In the other image he turned downward and plunged back into the escape trunk, the hatch coming shut behind him, the operating mechanism rotating as he locked himself back into the sinking submarine. The visual part of the images ended then, as if what happened in the hull of the dying sub were too cruel to watch, but he could still feel his own emotions from the outside of the hull as it plunged vertically for the rocky bottom, finally hitting with a shudder and breaking apart, with Patch Pacino inside of it. In this shorter existence, he was reunited with Carrie Alameda, Rob Catardi, Wcs Crossfield, Duke Phelps, Toasty O’Neal, and the rest of the crew he’d grown to love, joining them in the final moments of the Piranha’s death, able to comfort them and help them through their own deaths, but the important thing was that he was with them, and that there was no corrosive guilt in this existence, even if this life did end minutes later at the bottom of the cold ca. He returned to the inside of a doomed ship, but he returned to the people he loved and who loved him, his real family. He died whole. He ended life as himself.

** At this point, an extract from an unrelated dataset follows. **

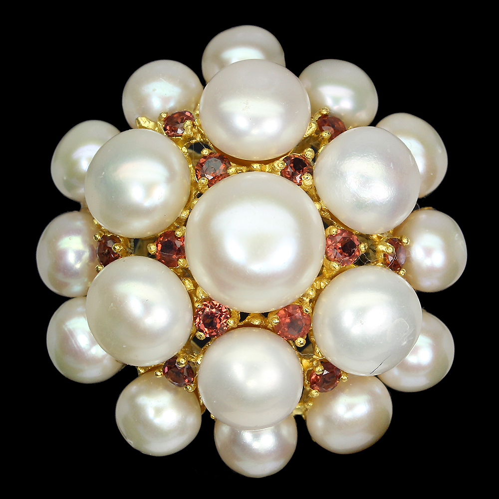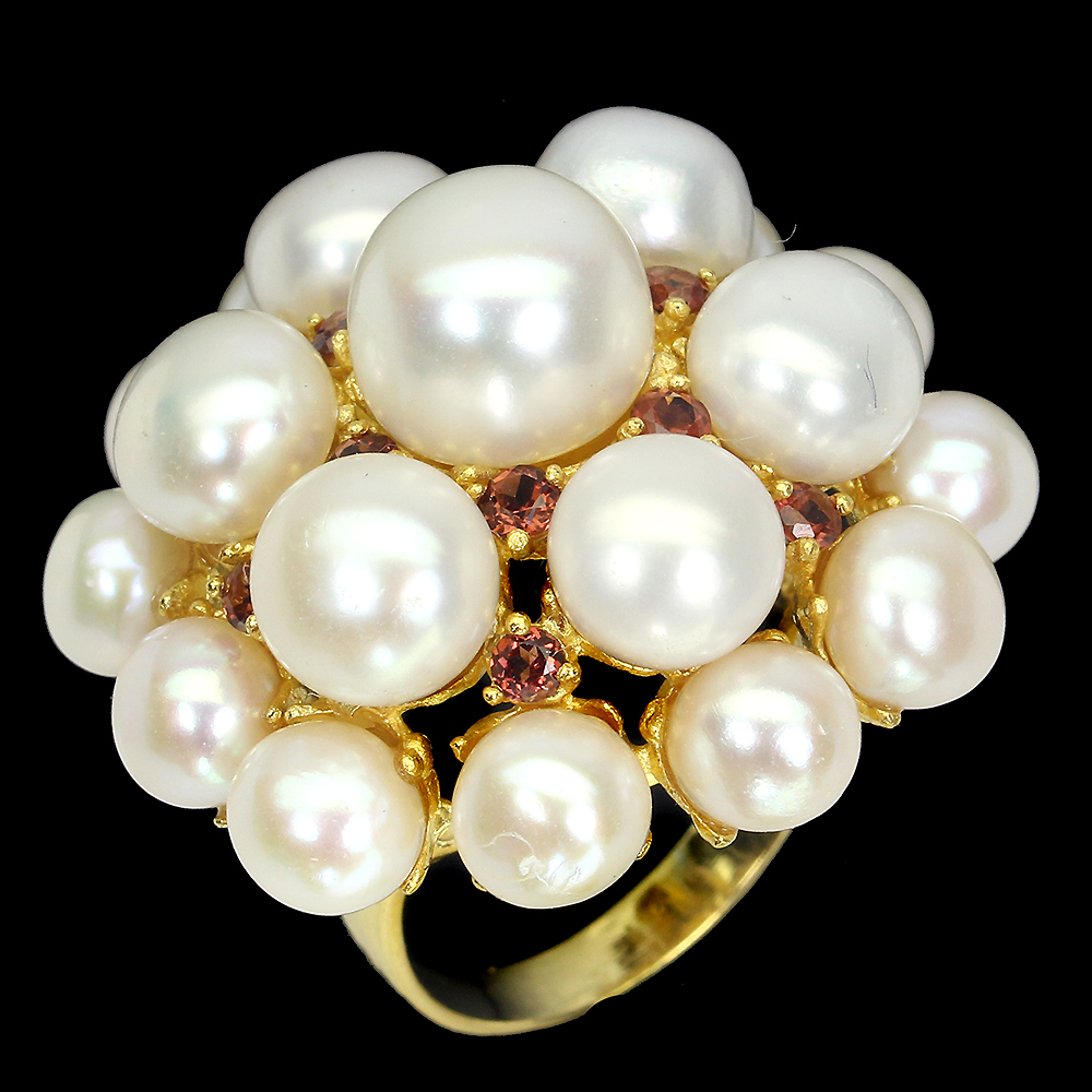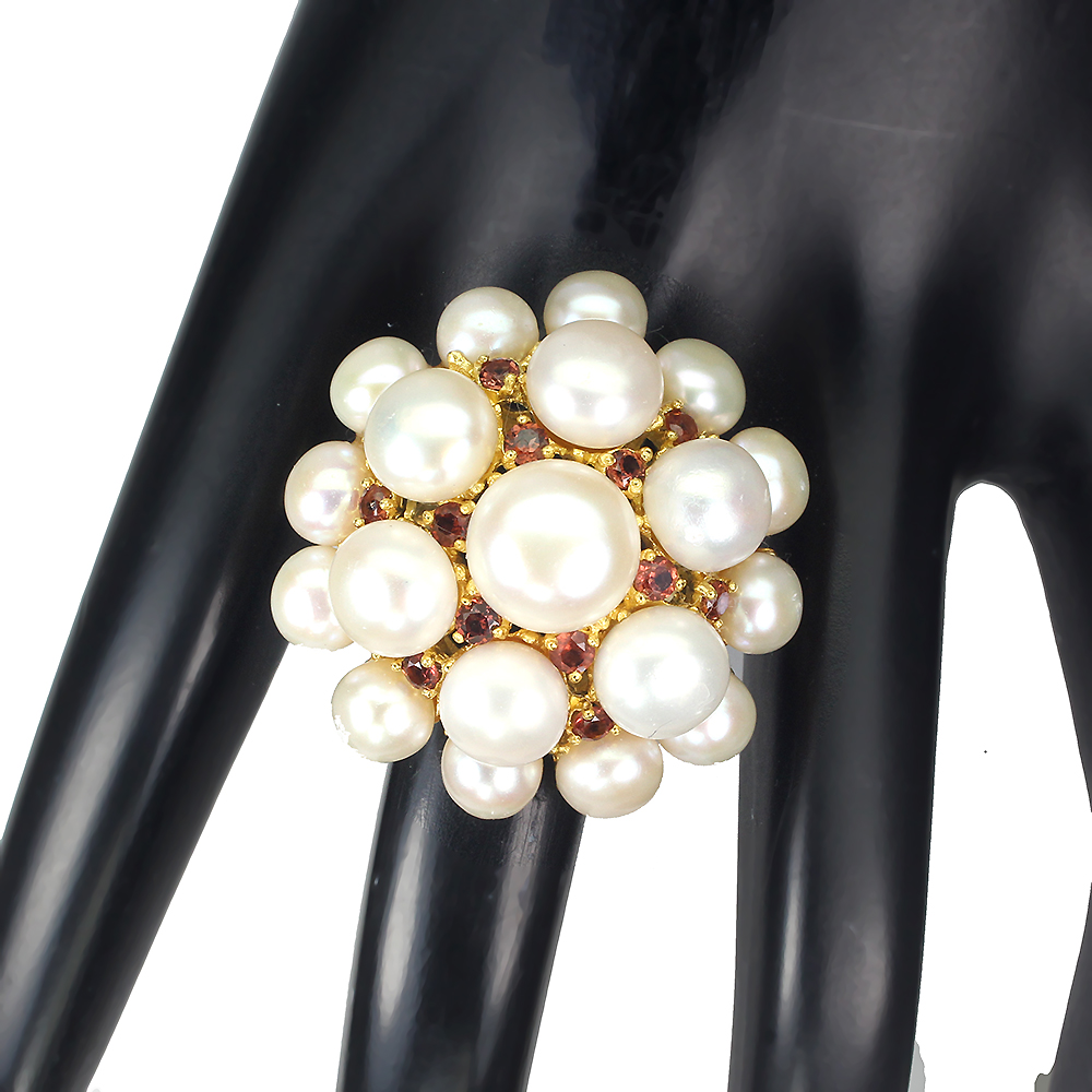 Round White Pearl 10mm Mozambique Garnet 925 Sterling Silver Big Ring

The final image was himself, clinging desperately to the top hatch of the escape trunk, about to make the decision that would determine who he was. Who am I? he heard himself ask.
The images darkened and vanished and when they were gone they took with them all memory of having been there. In the tenth of a second after experiencing this multidimensional lifetime review, Midshipman Anthony Michael Pacino remembered none of it. He shook his head, having returned to the moment after being confused for an instant, a mental discontinuity nagging at his consciousness, as if he had blacked out for a fraction of a second. Adrenaline flooded him, his tongue coppery, his heart jack hammering in his chest.
He had to go, he had to pull the carbon dioxide cylinder trigger and head for the surface. He was reaching for it with one hand, the other on the hatch ring, when something seemed terribly wrong. He was not sure he could explain what was happening even to himself, but instead of pulling the pin on the emergency inflation bottle, he reached downward into the blackness of the escape trunk, to the inside of the hatch seating surface, and pulled himself back inside the escape trunk, then grasped the operating wheel and wrenched the hatch off its open latch and pulled it toward his body, ducking beneath it. The heavy steel of the hatch pushed him back into the flooded escape trunk. The hatch thumped metallically on the seating surface. He spun the operating mechanism and closed it.
Lack of oxygen was making him dizzy, and he knew he was about to open his mouth and inhale water, and then he would die here, in the flooded escape trunk, alone. He reached over his head and found the top of the air bottle manifold, where the rubber hose of the regulator emerged, and followed it down until he reached the regulator. He plugged it into his mouth and punched the purge button. If nothing happened he was a dead man, and he would drown. What would it be like to die a death by drowning, he wondered. He wouldn’t have to wonder for long, he knew. But he could feel the regulator vibrate with the air bubbles pouring out of it. It was time to try to inhale. If he pulled in water instead of air, his conscious mind would shut down, leaving only a few miserable seconds of his reptilian brain to struggle against drowning.
Pacino inhaled, his eyes clamped tightly shut, but instead of deadly seawater, wonderful life-giving air came into his lungs, and he puffed ten breaths as if he had sprinted a mile. With the air came mental clarity and the realization that he had done something incredibly stupid, diving into the crippled submarine instead of lunging for the surface. But it was too late now, he told himself. He had to get below, to see if he could help the crew.